**EXERCISE:**
Extract the lines of the material below, beginning with the first and ending with the line that holds "Solitamente, le parole". Skip every picture.

**RECORDS PROVIDED:**

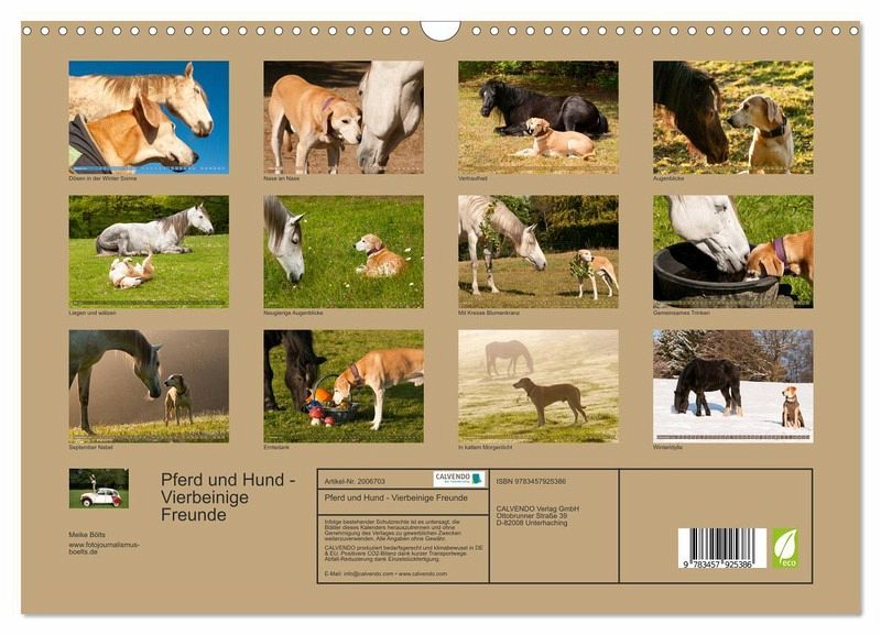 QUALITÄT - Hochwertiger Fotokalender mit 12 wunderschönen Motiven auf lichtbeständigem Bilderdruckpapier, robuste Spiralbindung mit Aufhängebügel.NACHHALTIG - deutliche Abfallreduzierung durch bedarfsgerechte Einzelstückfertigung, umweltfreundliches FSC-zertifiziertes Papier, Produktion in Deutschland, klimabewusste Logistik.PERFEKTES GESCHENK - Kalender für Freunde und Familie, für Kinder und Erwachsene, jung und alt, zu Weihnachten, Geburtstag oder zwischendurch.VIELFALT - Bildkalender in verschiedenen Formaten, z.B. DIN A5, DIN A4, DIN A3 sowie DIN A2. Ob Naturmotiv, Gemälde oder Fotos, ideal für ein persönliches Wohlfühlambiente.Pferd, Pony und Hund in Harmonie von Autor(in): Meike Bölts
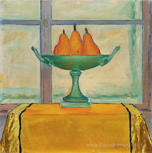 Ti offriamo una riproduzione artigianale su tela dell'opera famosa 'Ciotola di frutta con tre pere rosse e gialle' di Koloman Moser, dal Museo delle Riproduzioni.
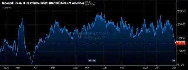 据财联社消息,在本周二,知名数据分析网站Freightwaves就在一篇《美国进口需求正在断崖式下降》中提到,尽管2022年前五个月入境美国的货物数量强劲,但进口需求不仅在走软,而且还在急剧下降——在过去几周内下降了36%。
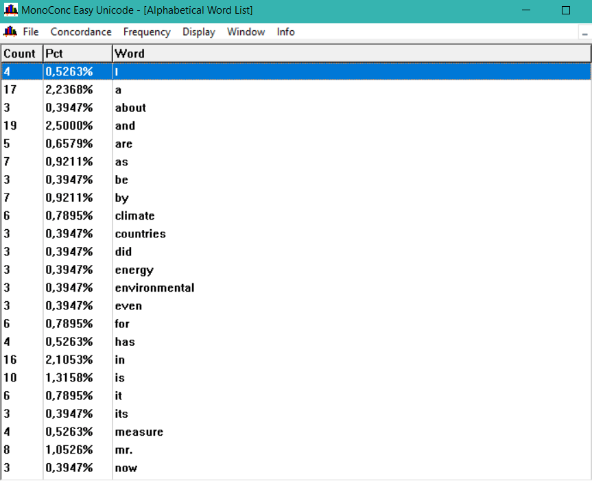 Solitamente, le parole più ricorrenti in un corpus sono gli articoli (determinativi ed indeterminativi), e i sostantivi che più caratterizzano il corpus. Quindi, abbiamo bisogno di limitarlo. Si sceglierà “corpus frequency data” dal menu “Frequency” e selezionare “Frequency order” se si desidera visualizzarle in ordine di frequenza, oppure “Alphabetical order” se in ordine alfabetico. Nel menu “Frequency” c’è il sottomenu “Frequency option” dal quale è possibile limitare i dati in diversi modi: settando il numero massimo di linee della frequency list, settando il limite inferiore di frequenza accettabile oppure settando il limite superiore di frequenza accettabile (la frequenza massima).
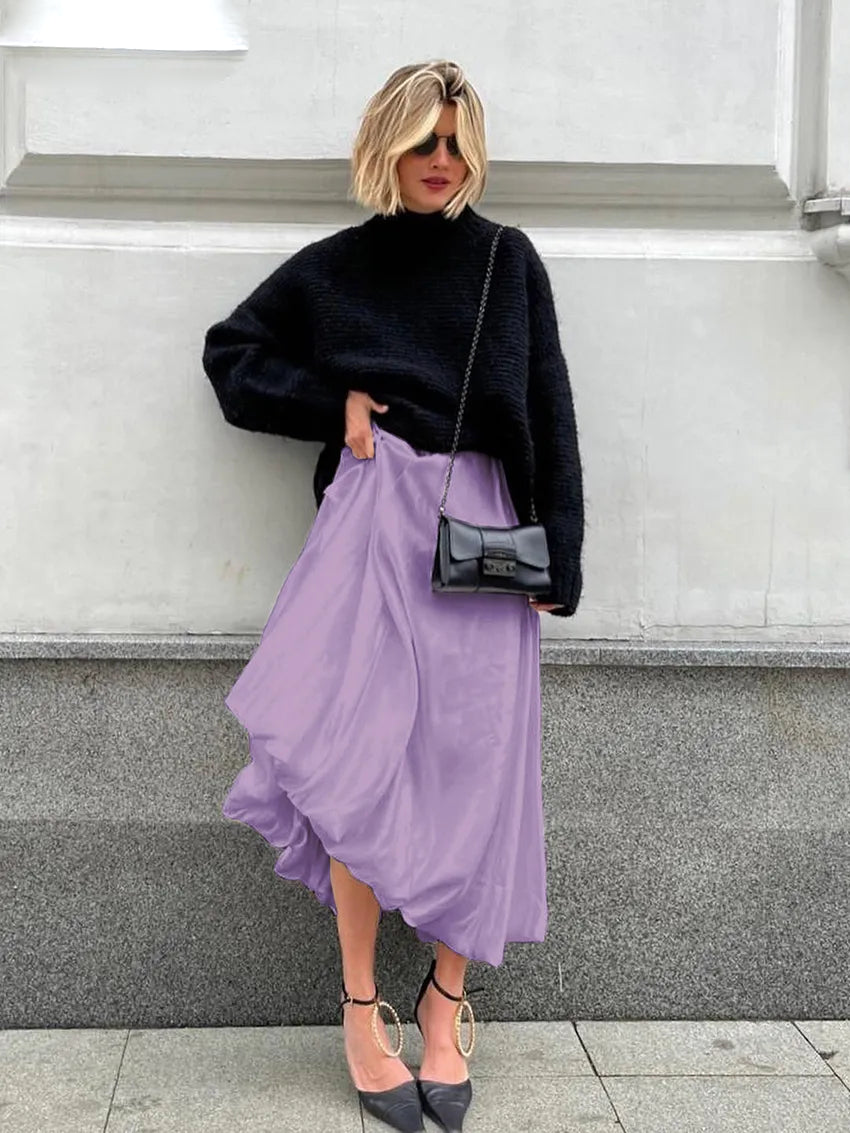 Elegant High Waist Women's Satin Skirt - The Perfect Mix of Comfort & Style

**RESULT OF THIS TASK:**
 QUALITÄT - Hochwertiger Fotokalender mit 12 wunderschönen Motiven auf lichtbeständigem Bilderdruckpapier, robuste Spiralbindung mit Aufhängebügel.NACHHALTIG - deutliche Abfallreduzierung durch bedarfsgerechte Einzelstückfertigung, umweltfreundliches FSC-zertifiziertes Papier, Produktion in Deutschland, klimabewusste Logistik.PERFEKTES GESCHENK - Kalender für Freunde und Familie, für Kinder und Erwachsene, jung und alt, zu Weihnachten, Geburtstag oder zwischendurch.VIELFALT - Bildkalender in verschiedenen Formaten, z.B. DIN A5, DIN A4, DIN A3 sowie DIN A2. Ob Naturmotiv, Gemälde oder Fotos, ideal für ein persönliches Wohlfühlambiente.Pferd, Pony und Hund in Harmonie von Autor(in): Meike Bölts
 Ti offriamo una riproduzione artigianale su tela dell'opera famosa 'Ciotola di frutta con tre pere rosse e gialle' di Koloman Moser, dal Museo delle Riproduzioni.
 据财联社消息,在本周二,知名数据分析网站Freightwaves就在一篇《美国进口需求正在断崖式下降》中提到,尽管2022年前五个月入境美国的货物数量强劲,但进口需求不仅在走软,而且还在急剧下降——在过去几周内下降了36%。
 Solitamente, le parole più ricorrenti in un corpus sono gli articoli (determinativi ed indeterminativi), e i sostantivi che più caratterizzano il corpus. Quindi, abbiamo bisogno di limitarlo. Si sceglierà “corpus frequency data” dal menu “Frequency” e selezionare “Frequency order” se si desidera visualizzarle in ordine di frequenza, oppure “Alphabetical order” se in ordine alfabetico. Nel menu “Frequency” c’è il sottomenu “Frequency option” dal quale è possibile limitare i dati in diversi modi: settando il numero massimo di linee della frequency list, settando il limite inferiore di frequenza accettabile oppure settando il limite superiore di frequenza accettabile (la frequenza massima).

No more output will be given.